A comprehensive review of West Virginia's Common Core-based education standards has generated more than 200,000 comments, state school officials said Monday.
Calling the amount of feedback "historic," state Superintendent Michael Martirano gave legislators their first update of the review at a Monday interim meeting of the Joint Education Committee, during which he lobbied for the continued use of West Virginia's embattled math and English standards.
Martirano, who ordered the Department of Education to review the controversial standards after Republican legislators attempted to repeal them earlier this year, said about 4,000 people have commented, using a website where the state's 900 math and English standards are available for critique.
Delegate Dave Perry, D-Fayette, asked if those comments would be turned over to the Legislature.

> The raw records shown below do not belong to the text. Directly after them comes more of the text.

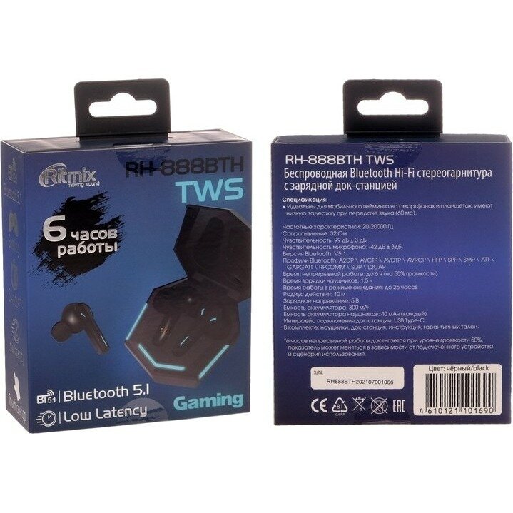 Игровая гарнитура Ritmix RH-888BTH TWS black
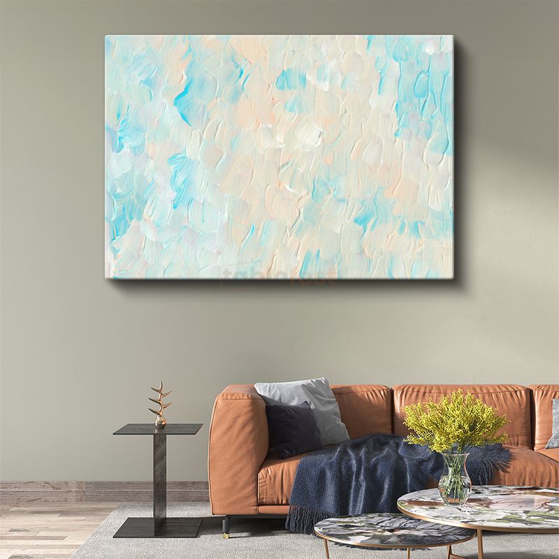 Turkuaz Dalgalar - Dokulu Fırça Darbeleri Kanvas Tablo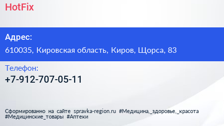 HotFix по адресу 610035, Кировская область, Киров, Щорса, 83 в дальнейшем Организация, размещена в следующих категориях: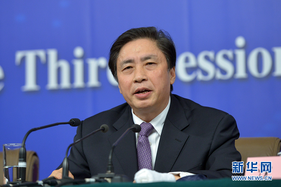 ????3月13日上午10時,十二屆全國人大三次會議新聞中心邀請四川大學校長謝和平、江蘇省教育廳廳長沈健、廣東省教育廳廳長羅偉其、海南大學校長李建保、貴州大學校長鄭強就完善高等教育治理結構的相關問題回答中外記者提問。圖為四川大學校長謝和平答記者問。新華網/中國政府網 郭小天 攝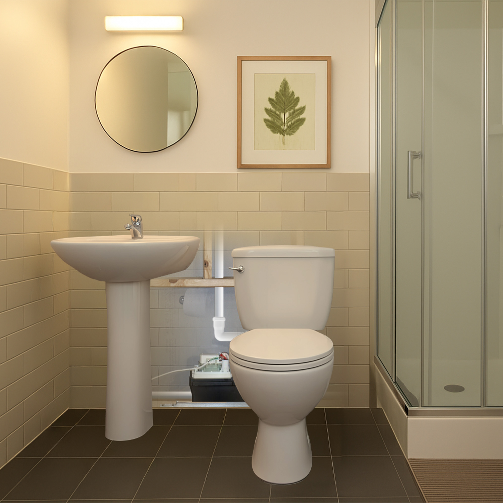 This bathroom system is an ideal DIY project for homeowners looking to install a basement bathroom or add facilities to other areas, without breaking concrete or breaking the bank. This powerful unit features a double set of blades with internal “impeller blades,” capable of pulverizing and clearing accidental flushes of common feminine products, a frequent cause of blockages that won’t be an issue with our unique design.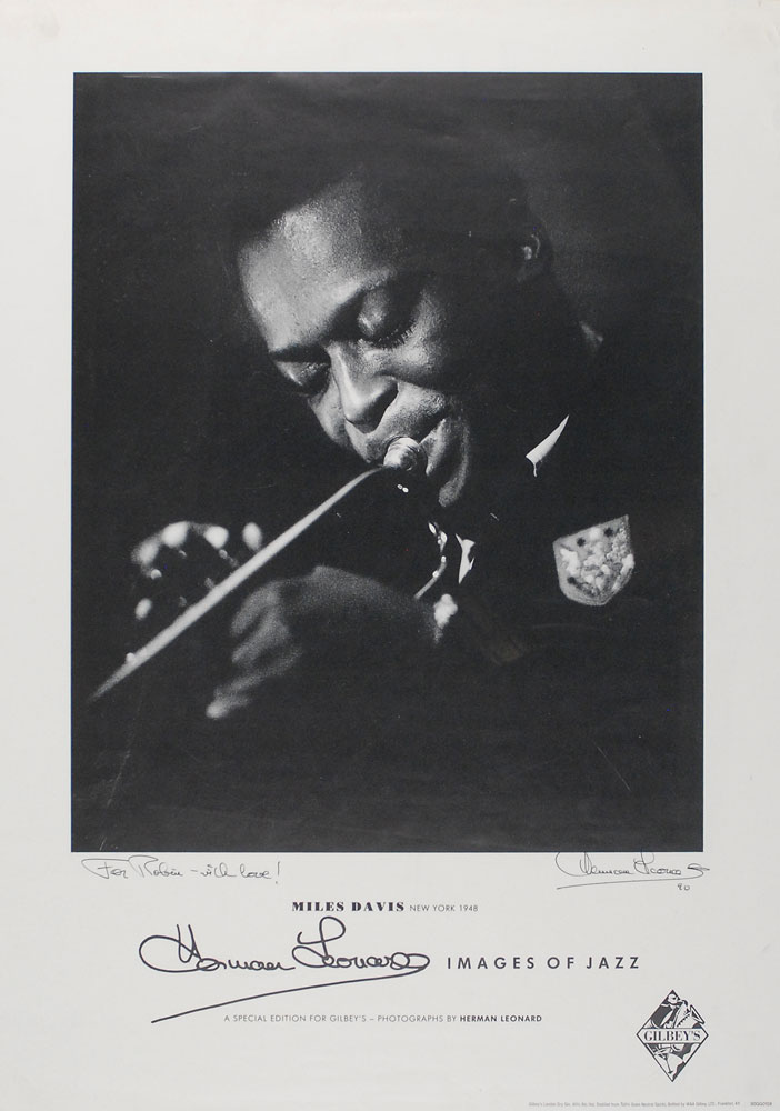 Poster advertising a 1990 exhibition of Leonard’s photographs entitled ‘Images of Jazz,’ 16.5 x 23.5, featuring his image of Miles Davis from 1948, signed and inscribed in black felt tip, “For Robin—with love! Herman Leonard, 90.” Some creases to edges and unobtrusive ‘thumbprint’ marks to corners, otherwise fine condition. RR Auction COA. Learn more about Larry Rafferty.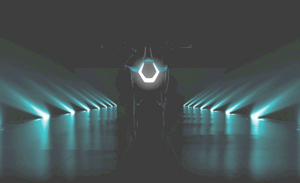 Ami biztos, az a hatszögletű fényszóró, ha pedig kicsit feljebb húzzuk a képen a fényerőt, akkor egy elég zömök, jó kiállású motorkerékpár körvonalazódik. Jó eséllyel naked bike-kal vagy valamilyen félidomos megoldással van dolgunk, aránylag magas és széles kormánnyal, kényelmes üléspozícióval.

Martirano said his office would do its best to apprise legislators of the review's outcome, though a summary is not likely before interims in October and November.
The review isn't expected to be completed until November.

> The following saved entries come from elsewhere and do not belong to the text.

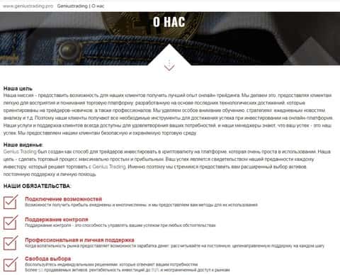 Интернет-ресурс жуликов GeniusTrading оформлен типично для всех лохотронов. Предлагаем сыграть в одну игру. При чём она работает не только с Джениус Трейдинг, а с любым другим брокером. Просто прочитайте хотя бы абзац информации на сайте, и пытайтесь осознать что конкретно вы поняли о компании. То-то же, кроме воды и расплывчатых обещаний жулики GeniusTrading не предлагают ничего. Конечно, кроме потери всех вложенных средств.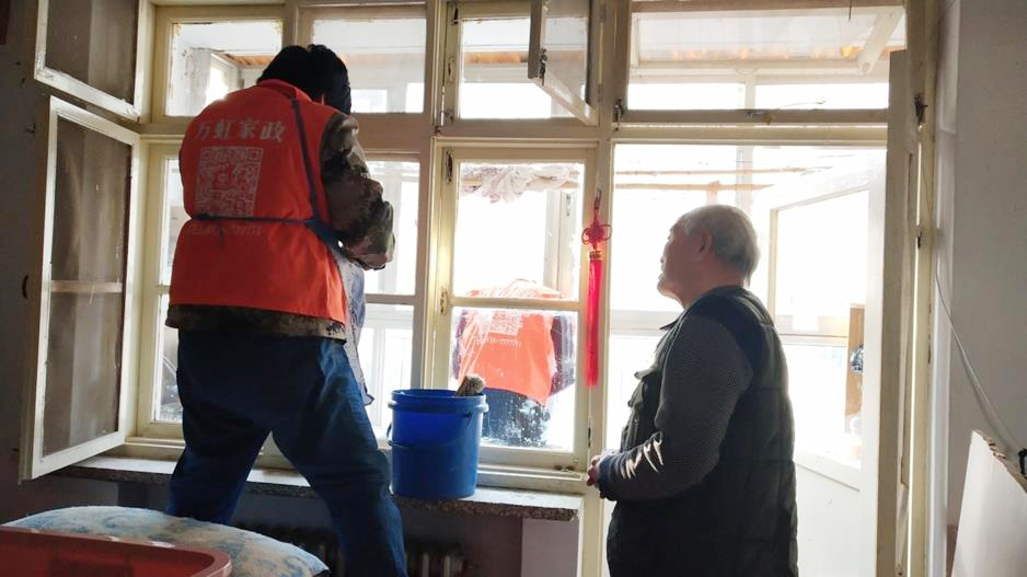 02而后走進(jìn)社區(qū)的一戶(hù)失獨(dú)家庭,大媽得知萬(wàn)虹家政志愿服務(wù)隊(duì)又來(lái)幫忙擦玻璃,立馬說(shuō):“哪能一再麻煩你們,大爺他明天就要去住院復(fù)查了,就不用擦了?!彼睦习樵?018年夏天查出換了癌癥,但老倆口十分樂(lè)觀和善,保潔員崔姐堅(jiān)持:“我擦的快,等你們從醫(yī)院回來(lái)家里就更敞亮了!”言辭之間都是祝愿老人安康,老人很受感動(dòng),雙手合十對(duì)萬(wàn)虹家政表示感謝。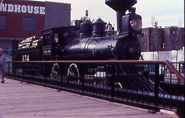 The locomotive was removed from Kitsilano and placed in a warehouse on Granville Island, where teams of dedicated volunteers worked on her for two years. In 1985, the engine was transported to North Vancouver's Versatile Shipyards for final restoration. Additional funds to accomplish this were partially raised through the Heritage Brick Program sponsored by Imperial Oil Limited. On February 13, 1986, 374 was transported to the Expo 86 Roundhouse Site, there, restored to its former glory, it was a fitting tribute to Vancouver's historic transition from "Milltown to Metropolis".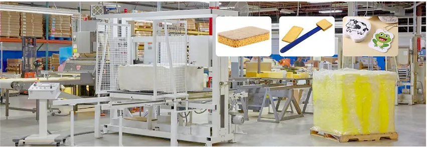4. Nyt kun kaikki on valmis, työntekijöiden on leikattava se ja pakata se. Monilla valmistajilla on tuotemerkki ja he pakatavat sen pakkaukseensa. Samanaikaisesti monet valmistajat myyvät raa'an selluloosan sieniä muuntajaksi nimeltään. Sitten he leikkasivat sienet asiakkaansa vaatimukseksi ja pakkaavat heidät omaan pakkaukseensa. Päävalmistusosastossa työntekijät leikkaavat sen automaattisen leikkurin läpi. Koneeseen laitetaan valtavat suorakaiteen muotoiset sienet ja ne asettavat koon leikkaamiseen.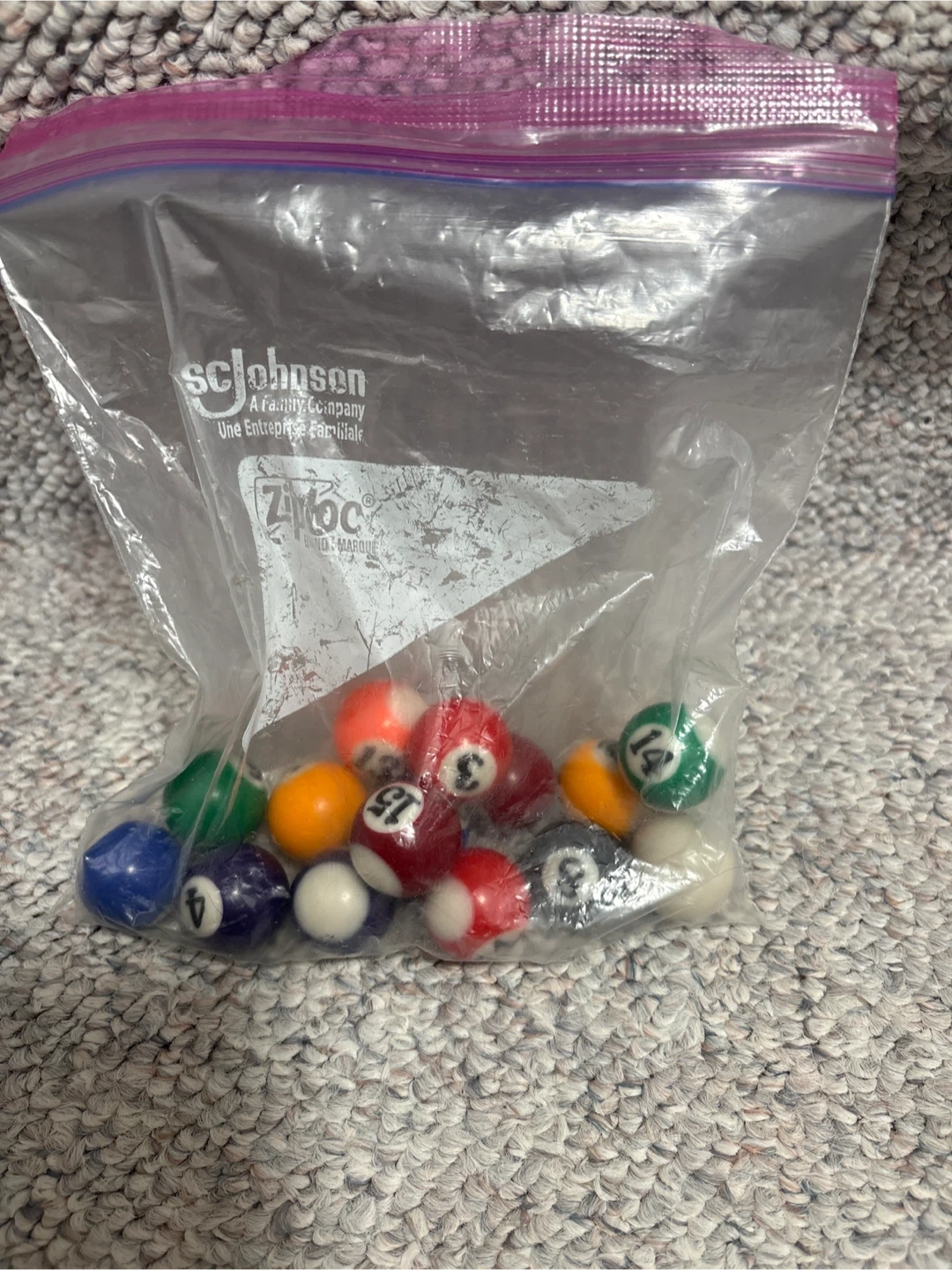 A bag of mini pool balls for a table game. Includes various numbered balls like 1, 3, 4, 14, and 15. These balls are great for a tabletop pool game or as replacements. Pick up cash only

While Martirano said the review timeline, already rushed to have a final recommendation ready for the state Board of Education by December, doesn't line up with the Legislature's interim schedule, he promised lawmakers would be part of the process.

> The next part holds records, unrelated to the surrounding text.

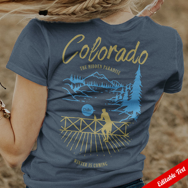 Vector illustration of a man standing and chill on beautiful cabin on mountain. Ready to print on t-shirt.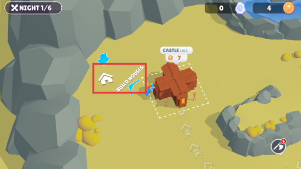 2、城堡建成后,及时选择【BUILD-HOUSES】指令建造房屋,增加人口容纳量,获取更多资源产出。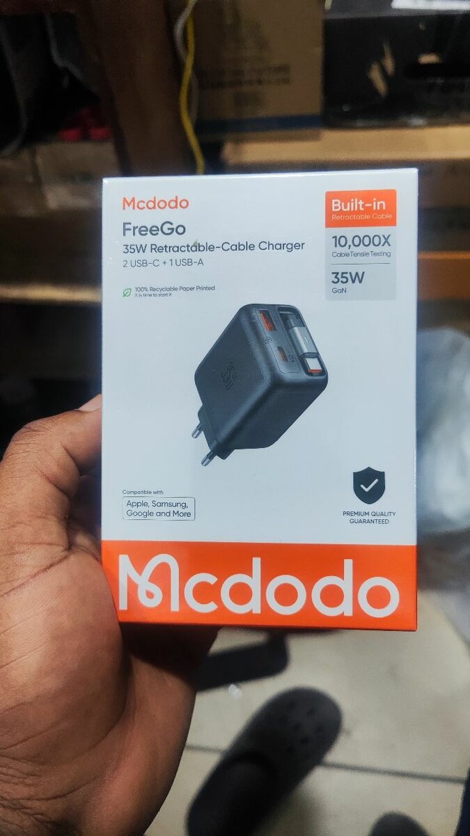 Chargez vos appareils rapidement avec le chargeur Mcdodo FreeGo 35W. Ce chargeur compact et rétractable est équipé de 2 ports USB-C et 1 USB-A, idéal pour smartphones, iPhones et appareils Samsung. Parfait pour la maison et le voyage avec une puissance de 35W.

"When we do a presentation for the board in November, I'd like to invite our legislators," he said, later adding that the board would be willing to change its meeting place to accommodate for a larger audience.
"We want them (the Legislature) to be informed and updated," he said.
Once the commenting period closes at the end of this month, review committees will analyze feedback in October so a recommendation can be made to the state school board in November. Action, if required, is expected in December.
Regardless of the review's outcome, Republicans already are signaling their intents to repeal the Common Core-based standards, which are a set of grade-level expectations in math and English that make sure public school students get the same basic education. West Virginia's standards, the Next Generation Content Standards and Objectives, were vetted by educators across the state and have been deemed academically superior than those previously used.
When asked if repealing those standards would once again be a topic on the Legislature's agenda, Sen. Dave Sypolt, R-Preston, who chairs the Senate Education Committee, said he was certain it would.
"Absolutely," he said. "That's the short answer."
While Sypolt said he believes there are problems with the current standards, he first wants to hear what Department of Education officials have to say before he passes judgment.
"It's important to make sure we have the proper standards in place," he said. "I'm not an educator, so I'll defer to the experts."
Earlier this year, Sypolt's committee worked on a bill, sponsored by Delegate Amanda Pasdon, R-Monongalia, that would have ousted the standards and required the Department of Education to almost immediately adopt or develop a new set. The committee's downgrading that bill to a study of the standards ultimately led to its failure on the last day of the 2015 session.
In addition to the standards review, which can be accessed by visiting www.academicspotlight.statestandards.org, the Department of Education is facilitating a series of regional meetings where members of the public can air grievances with Common Core. So far, there have been meetings in Morgantown, Huntington and South Charleston.
Additional meetings are scheduled to take place in Athens on Sept. 17, Mount Gay on Sept. 20, Wheeling on Sept. 22 and Shepherdstown on Sept. 29. All meetings will start at 6:30 p.m., except for those in Athens and Mount Gay, which will start at 5:30 p.m.
So far, no one attending the regional meetings have identified problems with a specific standard, something the department has explicitly called for.
Following the interim meeting on Monday, Martirano did not say whether that also is the case for comments received through the website.